Coachella 2024 Wrap Up

By Bruce Fessier
Background photo by L. Gerber

Torres Martinez Cahuilla tribesman, Derek Duro, is an avid hard rock fan. But he declined to appear with his fellow Cahuilla bird singers at the Coachella Valley Music and Arts Festivals in 2022 and 2023, acknowledging that the festival was being held on the tribe’s ancestral land.

He didn’t think a party atmosphere was right for a spiritual ceremony.

But when the bird singers joined the Britpop group, Blur, on Coachella’s main stage, Saturday, April 13, Duro was there, performing the tribe’s sacred oral histories and dances in traditional garb.

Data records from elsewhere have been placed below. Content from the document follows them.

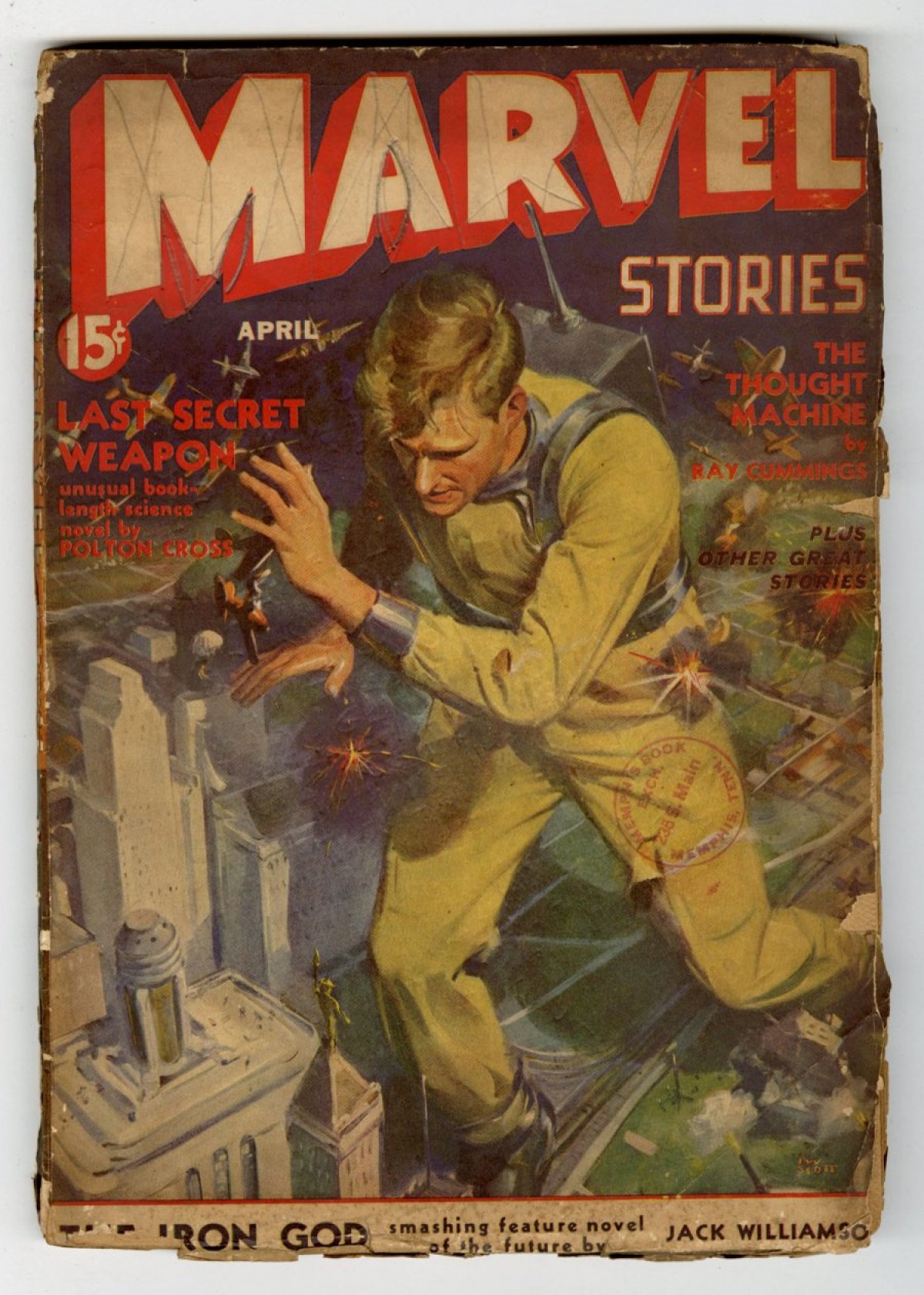 V2 #3 (April 1941); Giant soldier attacks city cover; "The Last Secret Weapon" by Polton Cross (John Russell Fearn); "Girl from Venus" by D. D. Sharp; "The Iron God" by Jack Williamson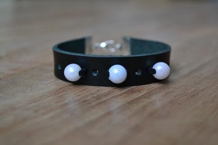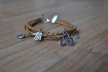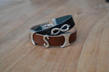 Armbandjes van leer, gecombineerd met bedels en suède.
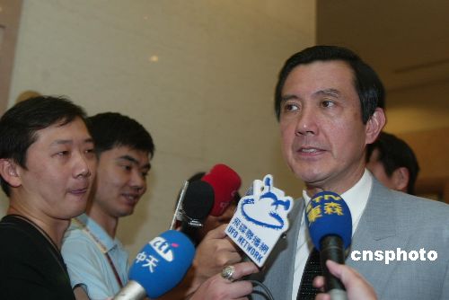 八月一日,中國國民黨主席連戰(zhàn)與新當選的國民黨主席馬英九在臺北會面。作者:盛佳鵬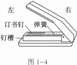 4. 如图 1-4 是一种常见的订书机,钉槽内的订书钉之所以不会松脱,是因为固定在槽内后部的弹簧给订书钉一个向

“After speaking with a number of people and some of my elders, I was told I was looking at things a little incorrectly,” Duro said by phone after the festival. “They reassured me that I’d be representing the reservation in a positive way, getting us known, getting it out there that we’re still where we’ve been for thousands of years. This is Cahuilla territory still.”

The east Coachella Valley tribal members sang an ancient narrative during Blur’s set between the highly touted reunion shows of Sublime and No Doubt. Then they stayed on stage as Blur performed “Death of a Party,” a ’90s track selected specifically for this occasion.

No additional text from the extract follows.